C’est l’occasion de voir Lovecraft changer, aussi. Pourquoi pas ? Nous sommes dans l’uchronie, tout est imaginable : alors, autant construire un Lovecraft idéal, débarrassé de ses plus vilains aspects… Le Lovecraft que nous connaissons était un salaud de réactionnaire, antisémite, raciste et un temps pro-hitlérien ? Mais l’homme a eu le temps de changer : matérialiste convaincu, il se distancie de toute pseudo-science, condamne le racisme et le nazisme, joute en pro-démocrate contre un Heinlein aux tentations totalitaires ; il est même suspecté un temps durant la « chasse aux sorcières » ! Un Lovecraft de rêve est nécessairement de gauche…

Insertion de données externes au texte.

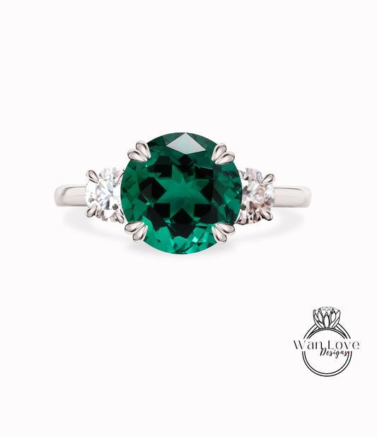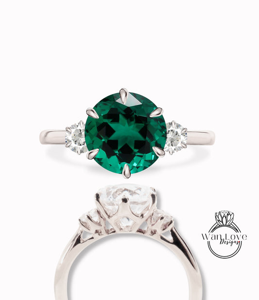 Emerald & Diamond 3 gem Stone Engagement Ring Round three gemstone ring 14k 18k White Yellow Rose Gold Platinum-Custom-Wedding Anniversary Gift

Cette notice nécrologique érudite et plus vraie que nature (avec moult notes de bas de page tout aussi fantaisistes que le corps du texte) est ainsi bel et bien un fantasme, le vœu pieux d’un fan. Et tout admirateur de Lovecraft ne pourra qu’apprécier cet hommage pour le moins original. Alors ce n’est probablement pas une lecture indispensable, on pourra trouver l’écriture anodine, ou se dire que 5 €, c’est quand même bien cher pour une si courte (trop courte) nouvelle… en deux exemplaires (?!?), même s’il y a une sympathique couverture de Caza… En même temps, que ne donnerait-on pas pour que cette biographie fictive soit vérité, et avoir ainsi le bonheur de lire, encore et encore, tous ces textes merveilleux que Lovecraft n’a pas eu le temps d’écrire ?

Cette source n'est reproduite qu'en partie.